For an antiques dealer, this happens with some frequency, and not just when dealing with an interior designer. The designers’ brief, of course, is to deploy colors and movables in a particular space to pleasing aesthetic effect. Not that I don’t believe that is important, but the better antiques and art dealer usually offers material that is an extension of the dealer’s own connoisseurship, and, like us, an outgrowth of their personal collecting passion.
Since passion overrules intellect, it is, consequently, at least difficult for a dealer to understand when a collection, even when put together entirely for decorative effect, is ‘finished out.’ For the collector, and that includes virtually all antiques and art dealers, collections can never be finished out, as one collects continually, upgrading the quality of one’s collections as taste, discernment, and the range of interests change. Moreover, the true collector will always be looking for something, and shedding things that are either outside the current scope or inferior to other items. For Keith and me, our showroom is the ultimate outgrowth of our own interests. While we do need to sell a piece of furniture or a painting or two to earn our daily crust, we determined some time ago that if we acquire strictly commercial material, we do so at our peril. Our business with other collectors, and even our interior designers, will find that they are in no small measure driven to purchase pieces from us that we can speak passionately about. As we say so often, we avoid having anything in inventory that does not have a compelling reason for being here. Always something about the piece, be it furniture or artwork- color, condition, subject, provenance, attribution, and generally a confluence of these- compel us to try and acquire a specific piece.

This phenomenon is what I term the Luke Fildes effect. Who is Luke Fildes?
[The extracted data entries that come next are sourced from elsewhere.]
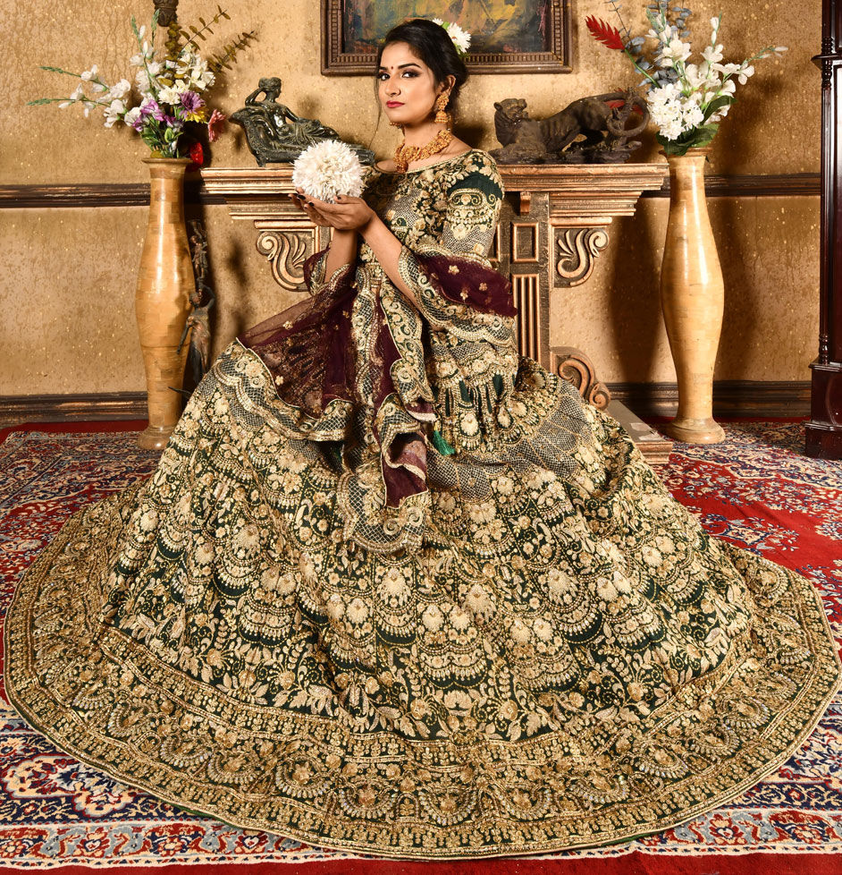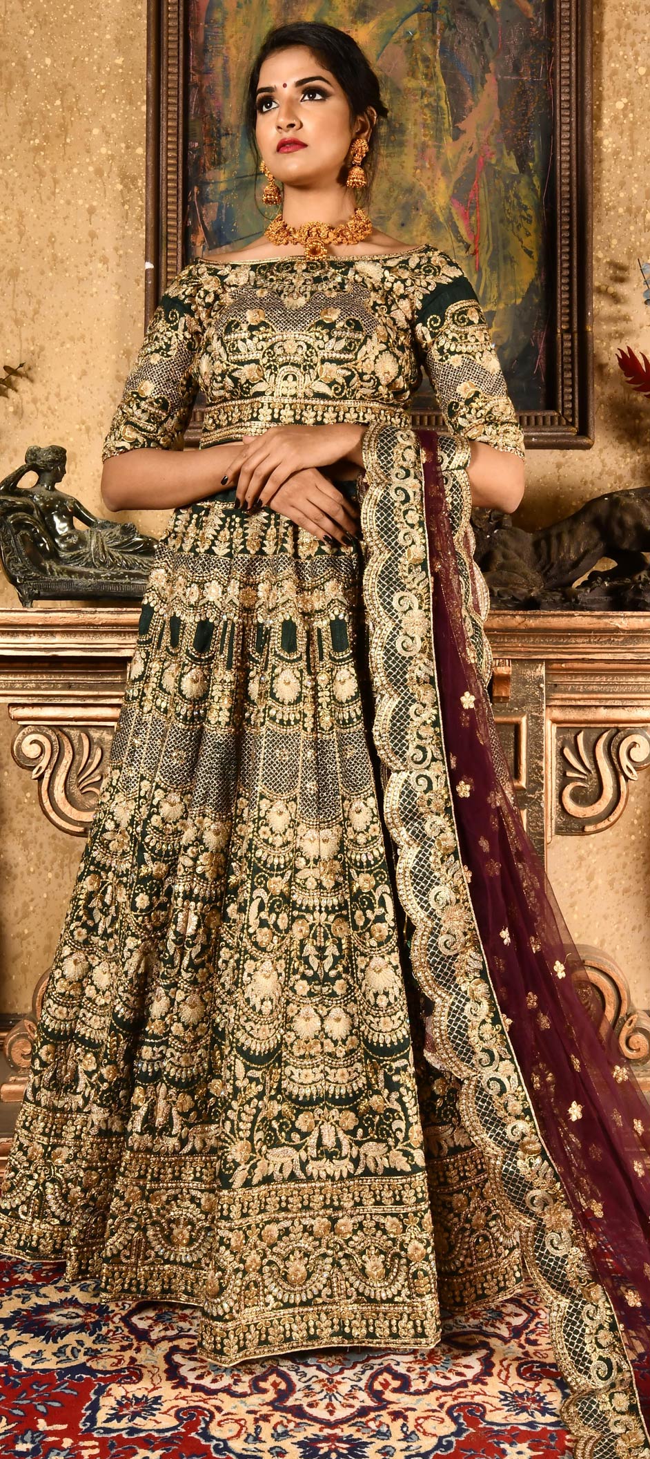 Green color Lehenga in Silk fabric with Embroidered, Moti, Resham, Stone, Thread, Zari work
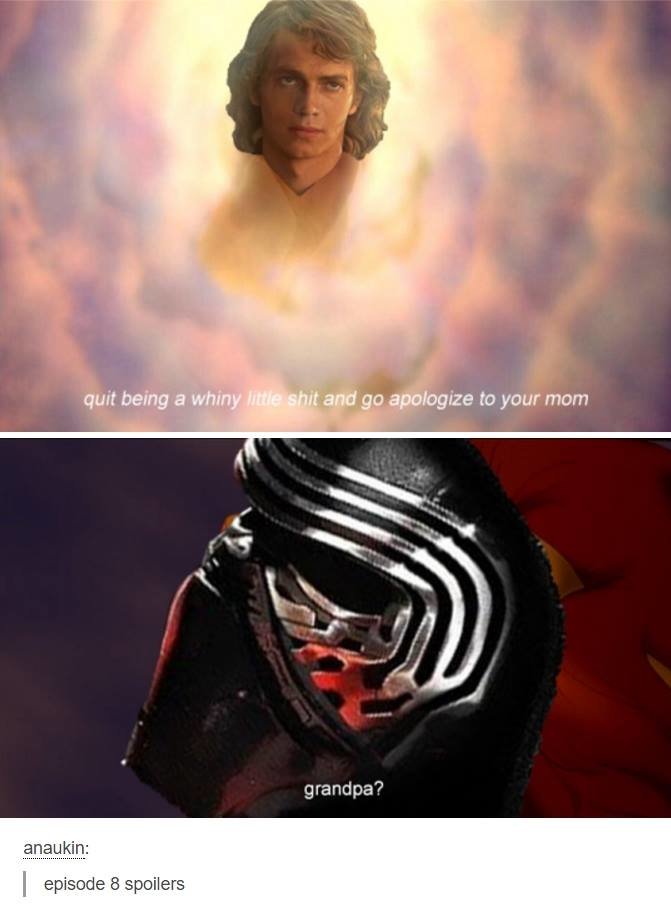 That first line I expect to happen in 8. If that second line happens, I'm gonna be a little upset...I personally didn't mind the ANH similarities in TFA, they weren't that important to the character-based story, but if they do the same thing for the next two that would be pretty upsetting. Luckily, Lawrence Kasdan has stated that Rian Johnson's script for 8 is "weird". I don't know what that means specifically, but ESB isn't really "weird", so that's good.
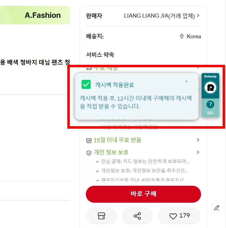 리펀디 확장 프로그램이 설치된 상태라면, 상품 페이지의 우측에 리펀디 버튼이 나타납니다. 해당 상품이 캐시백 적립 대상인지 확인한 후, '최대 11% 캐시백 받기' 버튼을 클릭합니다.
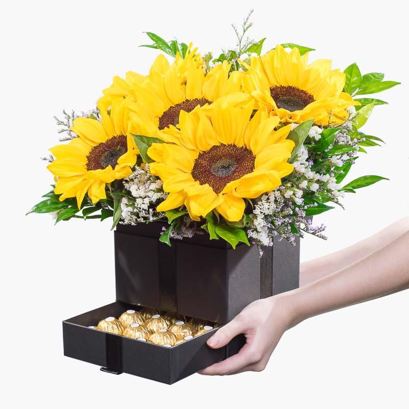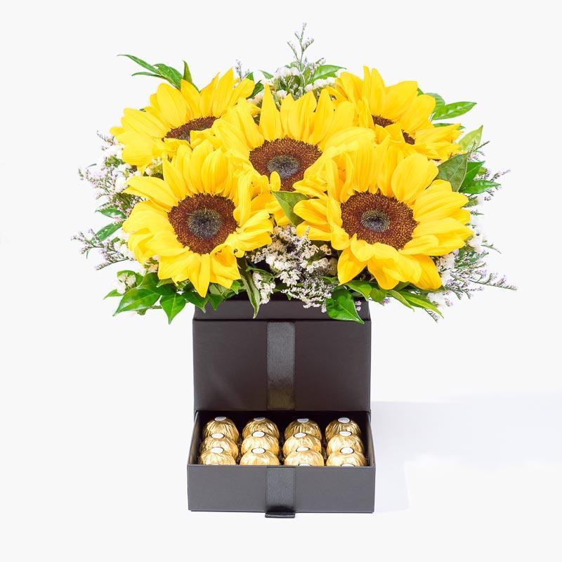 A treasure trove of timeless romance, passion and a little bit of magic; presented elegantly in a box of fresh sun flowers and chocolates.
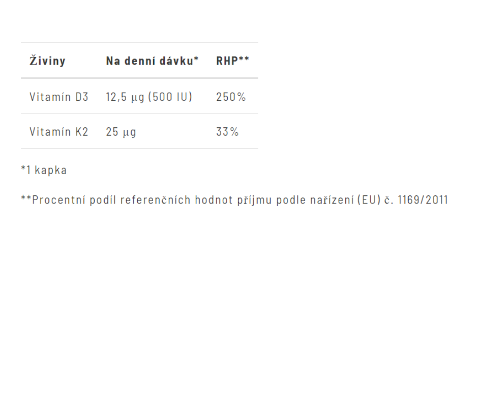 MCT (triglyceridy se středně dlouhým řetězcem), vitamín D (cholekalciferol z lišejníku), vitamín K2 (menachinon MK-7 all trans).

Well may you ask, as this illustrates my point perfectly. Sir Samuel Luke Fildes was arguably one of the most celebrated, popular and highly paid artists of the late 19th and early 20th centuries. His socialist realist style is perhaps best realized in a painting from the late 19th century, ‘The Doctor’, depicting a physician pondering how to treat a sick child in a poor crofter’s cottage. Well drafted with a clear narrative content, it is, however, miles from anything currently thought fashionable.
What I hope people are cottoning on to, and what was sadly ignored as it was begun to be put about during our current economic malaise, is the notion of antiques as the ultimate in recycled goods. As we all of us begin to recover and feel a bit sunnier about the state of the economy, this is worthy of consideration, whilst also bearing in mind that all things ‘green’ may not actually be so.